« El día en que lo iban a matar, Santiago Nasar se levantó a las 5.30 de la mañana para esperar el buque en que llegaba el obispo. Había soñado que atravesaba un bosque de higuerones donde caía una llovizna tierne, y por un instante fue feliz en el sueño, pero al despertar se sintió por completo salpicado de cagada de pájaros. « Siempre soñaba con árboles », me dijo Plácida Linero, su madre, evocando ventisiete años de los pormenores de aquel lunes ingrato. »

En voyage en Colombie il y a peu, je me suis rendue au centre culturel Gabriel García Márquez de Bogotá qui est au final une libraire géante, et il fallait repartir par principe avec un livre de l’auteur. J’avais transpiré face à « L’amour au temps du choléra » et « Cents ans de solitude », deux pavés érigés en classique dès leur parution. J’ai donc choisi, pour poursuivre, « Chronique d’une mort annoncée », court mais efficace, parfaitement représentatif de l’oeuvre de l’auteur et son art de transposer le réel dans un métavers avant-gardiste où sa prose seule nous conduit hors du temps.

L’auteur colombien et prix Nobel de Littérature délivre ici un roman journalistique -sa profession initiale- basé sur le meurtre d’un homme fortuné d’un petit village d’Amérique du Sud du XIXème siècle. L’honneur, la force des traditions et la religion régissent les lois de ce coin du monde et lorsque la belle Angela Vicario est rendue à sa famille après sa nuit de noce avec Bayardo San Román qui découvre, effaré, qu’elle n’est plus vierge, les frères Vicario assassinent l’auteur présumé du déshonneur, Santiago Nasar.

Le Colombien déploie une chronique des faits retranscrits par un témoin du village, proche de la famille certes mais aucunement impliqué de façon active dans l’enquête et ses mystères. Les frères Vicario annoncent clairement leur intention de tuer Nasar et dans un espace restreint où les rumeurs circulent plus vite que les véhicules de ce temps, la victime aurait pu bénéficier de tas de portes de sortie, qu’il n’utilise pourtant jamais -preuve de son innocence ? La véritable coupable n’est-elle pas finalement la fiancée qui, en le désignant comme voleur de sa virginité perdue, le condamne à mort ?

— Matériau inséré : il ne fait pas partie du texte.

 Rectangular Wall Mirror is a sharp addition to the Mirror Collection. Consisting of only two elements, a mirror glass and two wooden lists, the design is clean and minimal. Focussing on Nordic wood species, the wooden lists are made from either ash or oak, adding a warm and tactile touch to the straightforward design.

Le roman peut être considéré comme un « anti-polar », d’abord de par sa manière de traiter l’affaire en racontant le meurtre de manière rétrospective -le lecteur sait dès le premier paragraphe qui va tuer qui et pourquoi. Ensuite par le fait que le véritable coupable du déshonneur n’est jamais connu, alors que l’histoire confirme froidement que l’interpellé tué par les deux frères n’y serait en réalité pour rien. 

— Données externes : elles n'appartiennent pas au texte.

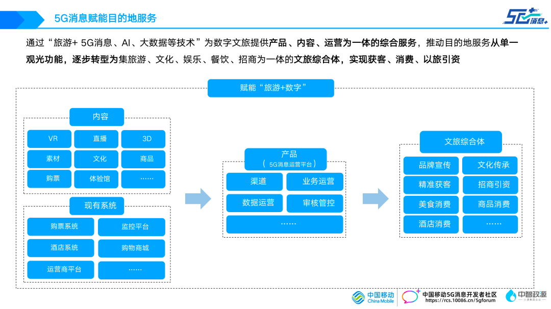 并以【数字鼓浪屿】、【永定客家土楼】两个5G消息进行举例,体现5G消息可以全面赋能旅游目的地服务,贯穿吃住行游购娱全流程,提升游客体验。同时以5G消息为总线,赋能已有文旅素材、平台,实现5G消息融合服务。
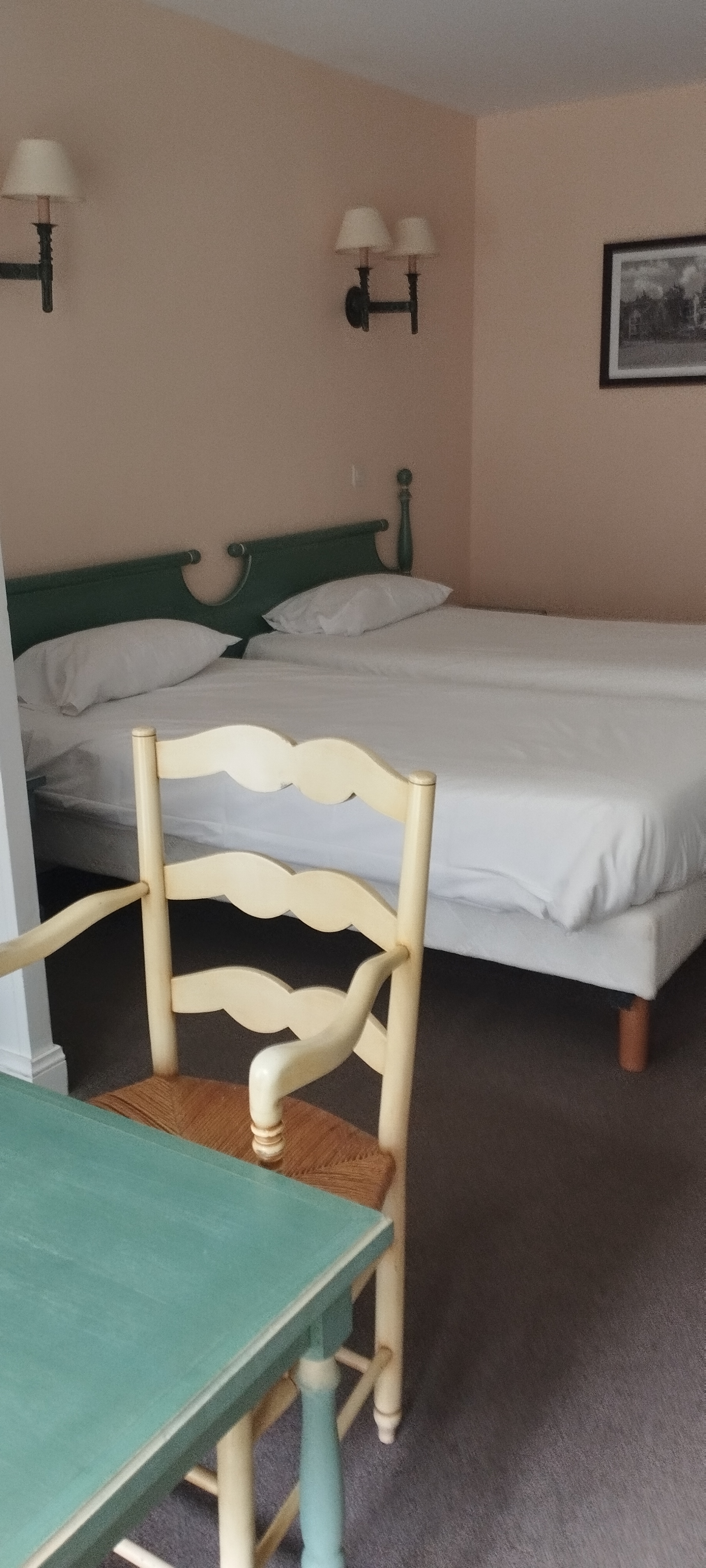 Nous avons beaucoup aimé cet hôtel : La décoration des chambres du rez de chaussée est un peu old school mais ça a son charme, environnement très calme ! 😊

Les faits sont reportés par un narrateur compilant dans son récit les dires et témoignages des personnages de sa connaissance qui content leur propre version des faits, parfois contradictoires. Par ailleurs, certaines scènes frôlent la parodie lorsque les personnages qui tentent de contrer la tragédie sont arrêtés dans leur élan par des imprévus insolites. Les jumeaux Vicario préparent leur crime d’honneur avec l’insolente certitude qu’ils sont dans leur droit de récrier justice pour leur soeur et s’en vont à la boucherie du village aiguisés les couteaux préparés pour servir au meurtre. Nous voyons que l’auteur confirme une fois de plus son usage parfaitement maîtrisé du réalisme magique dans des scènes presque burlesques où l’étrange fait partie du quotidien de cet univers coupé du monde. 

Comme dans ses habitudes, García Márquez étale son récit sur plusieurs décennies après l’événement clé et le lecteur a la surprise de voir le couple séparé brutalement après leur nuit de noce désastreuse tenter de recoller les morceaux dans un dénouement qui fait penser à « L’amour au temps du choléra », de par la volonté des personnages de rester en lien à travers des courriers sans réponse pour finalement se remettre ensemble. 

Un texte idéal pour aborder l’oeuvre de l’auteur par un récit moins chronophage que ses grands romans mais qui a grandement contribué à sa renommée internationale. 

Editions Random House, 2014. 1a edición, 1981. Version française : Le Livre de Poche.